--- START ---

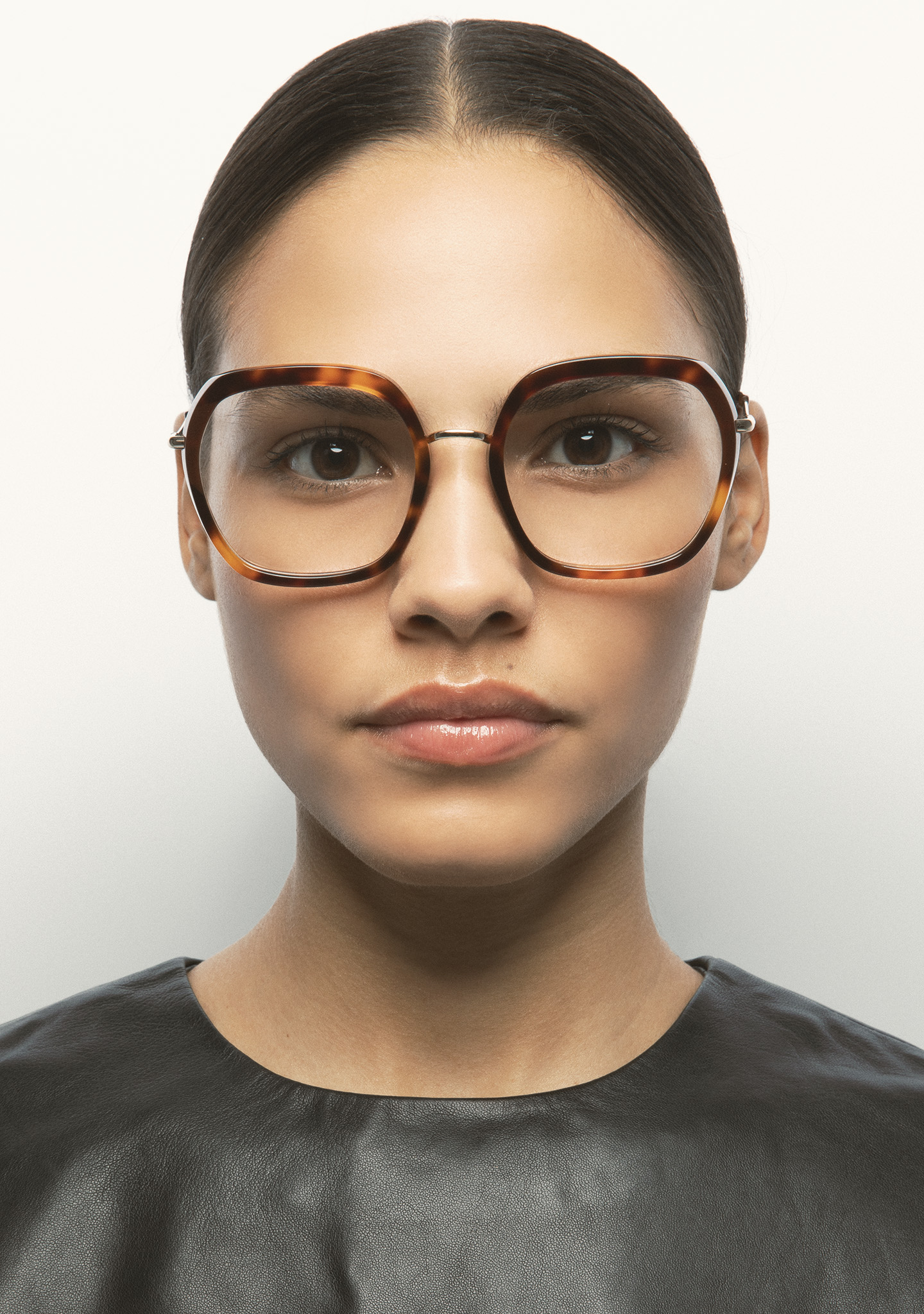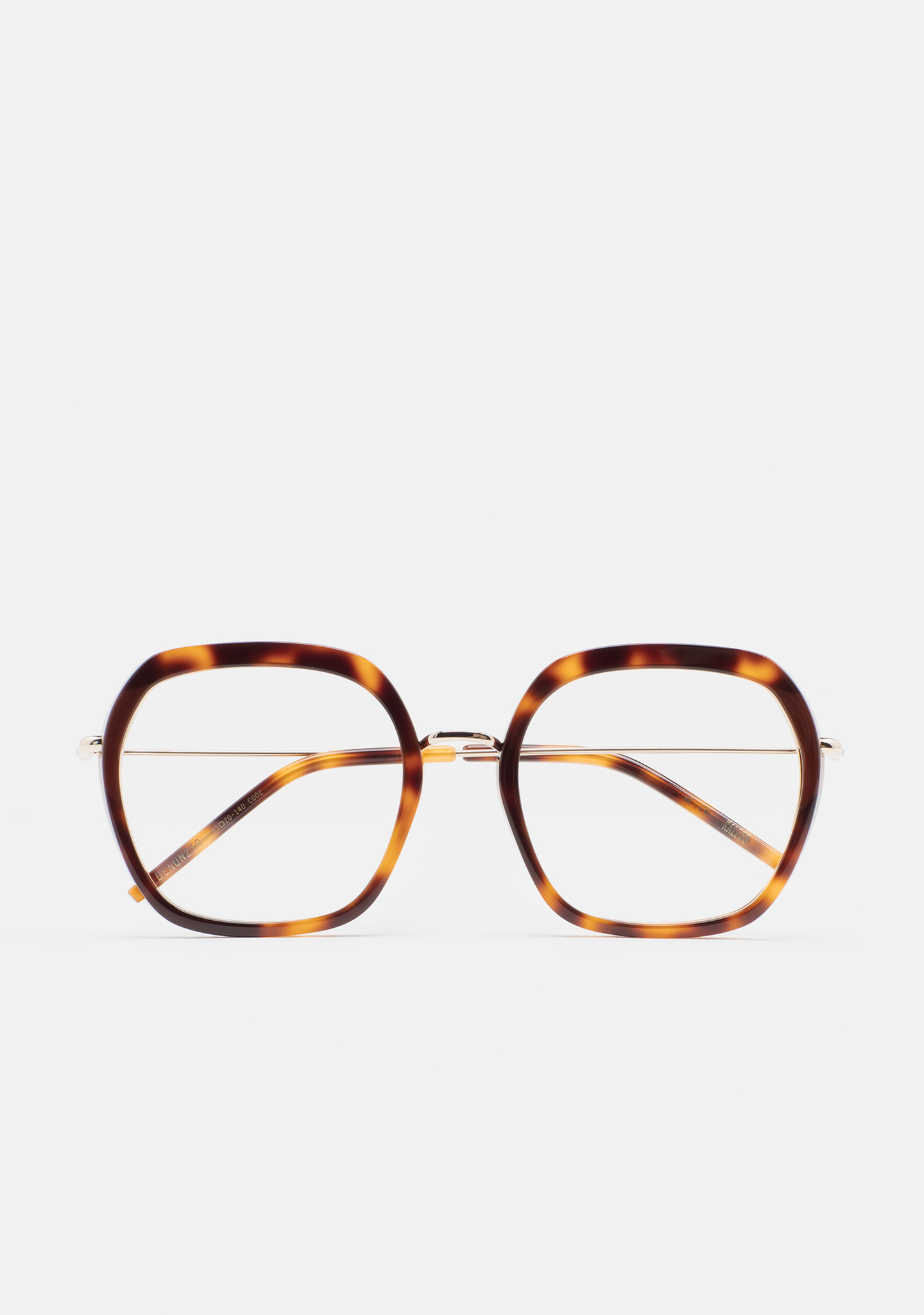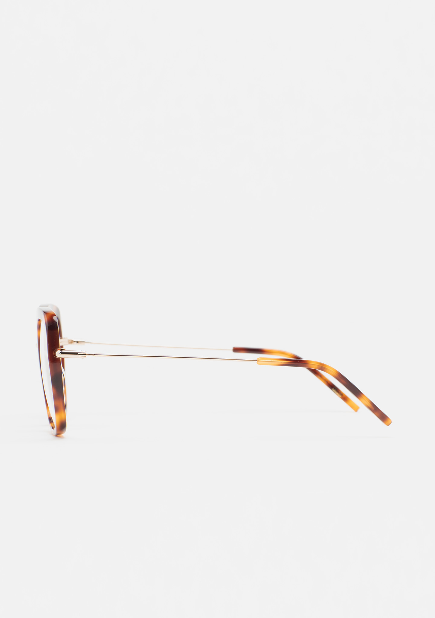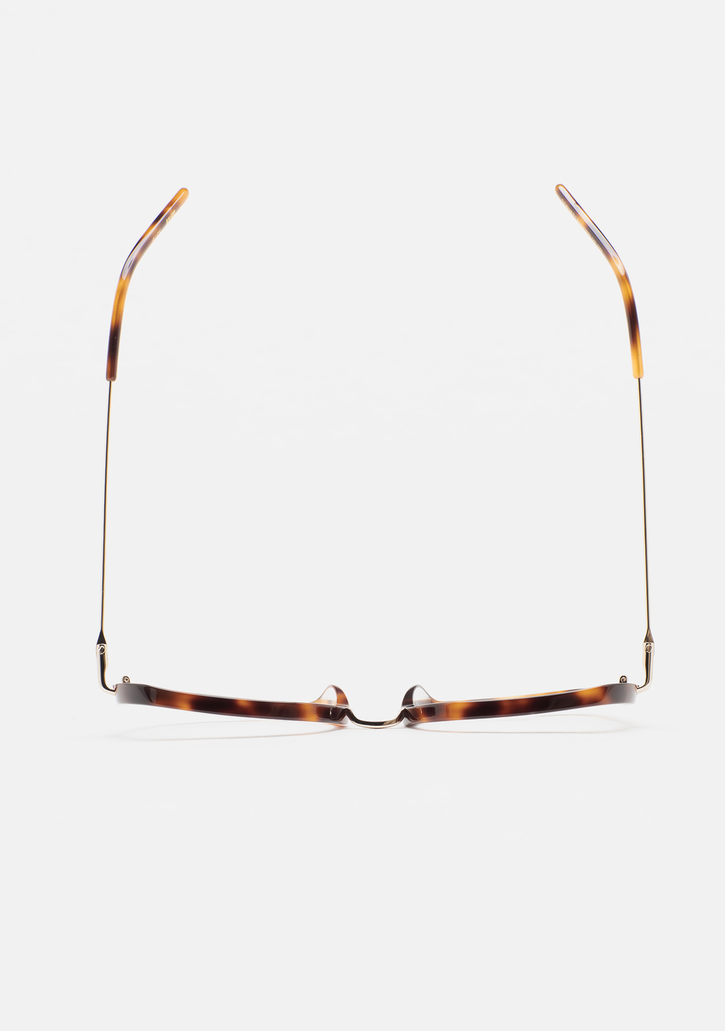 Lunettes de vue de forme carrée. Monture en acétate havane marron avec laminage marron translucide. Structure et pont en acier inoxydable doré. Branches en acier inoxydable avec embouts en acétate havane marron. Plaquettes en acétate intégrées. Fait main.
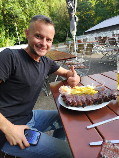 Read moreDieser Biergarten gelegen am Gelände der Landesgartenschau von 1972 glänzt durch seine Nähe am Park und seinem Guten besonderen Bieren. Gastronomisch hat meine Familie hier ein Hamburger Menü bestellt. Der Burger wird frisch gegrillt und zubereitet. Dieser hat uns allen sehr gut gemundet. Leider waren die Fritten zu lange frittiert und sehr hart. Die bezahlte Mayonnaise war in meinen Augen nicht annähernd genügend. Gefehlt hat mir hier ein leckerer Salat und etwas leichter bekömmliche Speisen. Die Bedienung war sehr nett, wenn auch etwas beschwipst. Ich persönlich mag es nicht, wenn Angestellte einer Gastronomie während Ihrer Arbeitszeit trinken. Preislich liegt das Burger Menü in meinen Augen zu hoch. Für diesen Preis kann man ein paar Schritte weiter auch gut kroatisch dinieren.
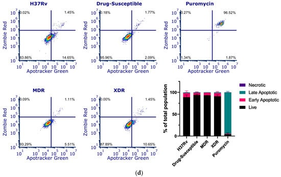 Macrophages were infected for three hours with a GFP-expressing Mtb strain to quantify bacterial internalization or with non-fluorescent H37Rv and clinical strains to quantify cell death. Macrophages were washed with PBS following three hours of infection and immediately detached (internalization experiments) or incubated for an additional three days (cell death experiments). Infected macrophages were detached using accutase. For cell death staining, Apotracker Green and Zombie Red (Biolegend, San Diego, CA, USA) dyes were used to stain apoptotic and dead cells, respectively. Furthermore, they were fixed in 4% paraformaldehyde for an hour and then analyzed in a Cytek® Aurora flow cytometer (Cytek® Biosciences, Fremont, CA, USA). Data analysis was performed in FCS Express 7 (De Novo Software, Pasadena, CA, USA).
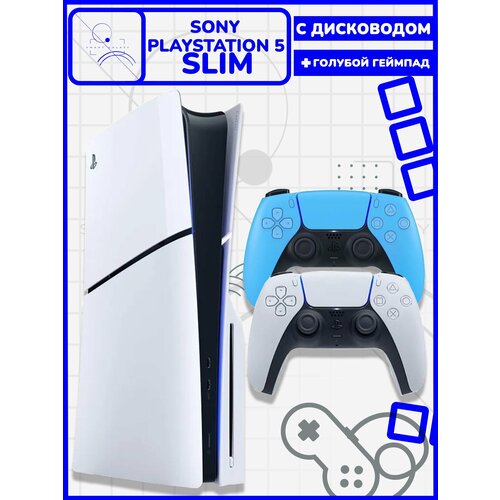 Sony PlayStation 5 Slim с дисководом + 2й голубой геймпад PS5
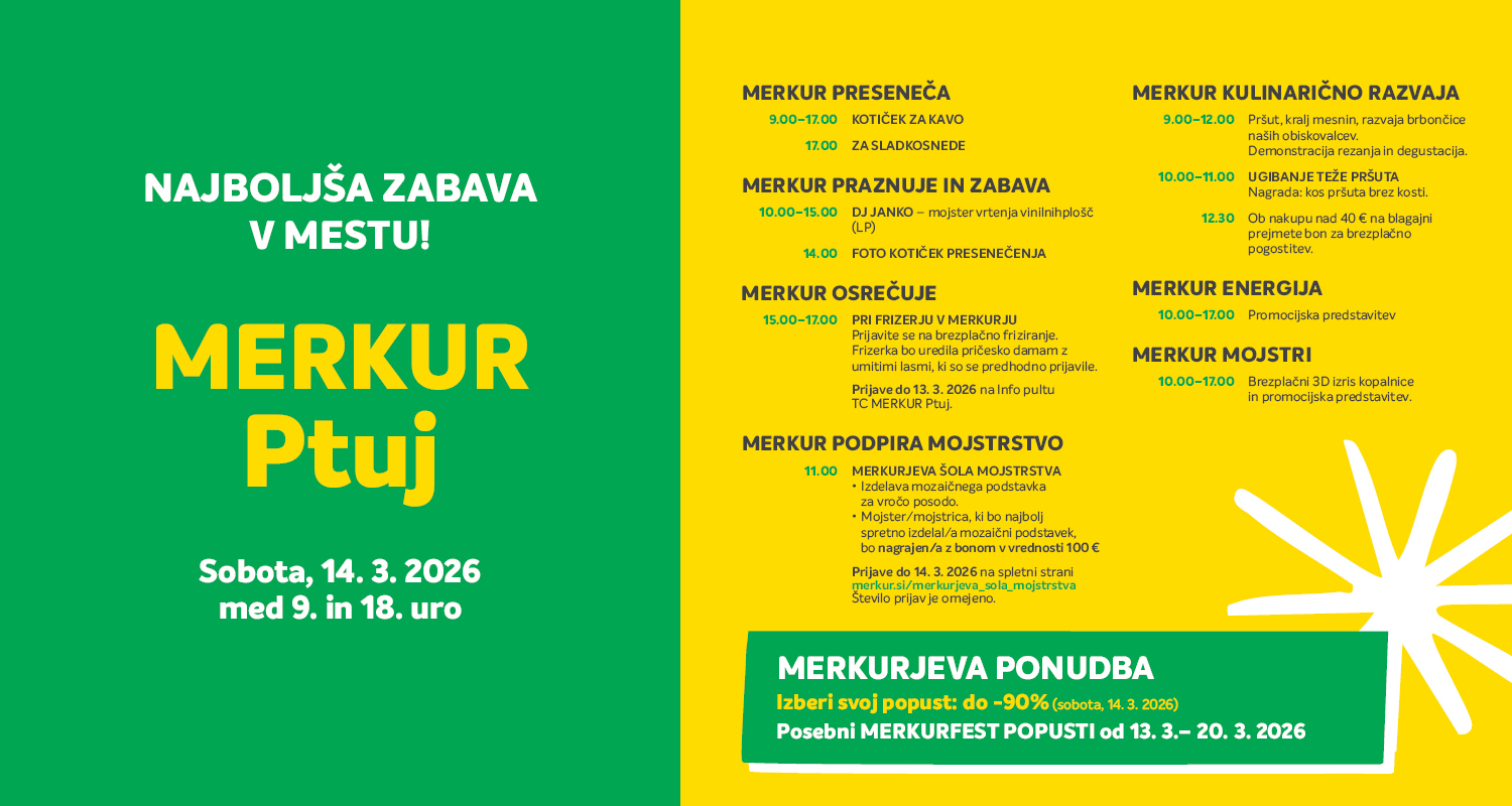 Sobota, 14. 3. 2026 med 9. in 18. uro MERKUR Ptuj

--- END ---

**WHAT IS REQUIRED**: Each record above has to be written out again in full, but its pictures must not be.

**ANSWER SPACE**:
 Lunettes de vue de forme carrée. Monture en acétate havane marron avec laminage marron translucide. Structure et pont en acier inoxydable doré. Branches en acier inoxydable avec embouts en acétate havane marron. Plaquettes en acétate intégrées. Fait main.
 Read moreDieser Biergarten gelegen am Gelände der Landesgartenschau von 1972 glänzt durch seine Nähe am Park und seinem Guten besonderen Bieren. Gastronomisch hat meine Familie hier ein Hamburger Menü bestellt. Der Burger wird frisch gegrillt und zubereitet. Dieser hat uns allen sehr gut gemundet. Leider waren die Fritten zu lange frittiert und sehr hart. Die bezahlte Mayonnaise war in meinen Augen nicht annähernd genügend. Gefehlt hat mir hier ein leckerer Salat und etwas leichter bekömmliche Speisen. Die Bedienung war sehr nett, wenn auch etwas beschwipst. Ich persönlich mag es nicht, wenn Angestellte einer Gastronomie während Ihrer Arbeitszeit trinken. Preislich liegt das Burger Menü in meinen Augen zu hoch. Für diesen Preis kann man ein paar Schritte weiter auch gut kroatisch dinieren.
 Macrophages were infected for three hours with a GFP-expressing Mtb strain to quantify bacterial internalization or with non-fluorescent H37Rv and clinical strains to quantify cell death. Macrophages were washed with PBS following three hours of infection and immediately detached (internalization experiments) or incubated for an additional three days (cell death experiments). Infected macrophages were detached using accutase. For cell death staining, Apotracker Green and Zombie Red (Biolegend, San Diego, CA, USA) dyes were used to stain apoptotic and dead cells, respectively. Furthermore, they were fixed in 4% paraformaldehyde for an hour and then analyzed in a Cytek® Aurora flow cytometer (Cytek® Biosciences, Fremont, CA, USA). Data analysis was performed in FCS Express 7 (De Novo Software, Pasadena, CA, USA).
 Sony PlayStation 5 Slim с дисководом + 2й голубой геймпад PS5
 Sobota, 14. 3. 2026 med 9. in 18. uro MERKUR Ptuj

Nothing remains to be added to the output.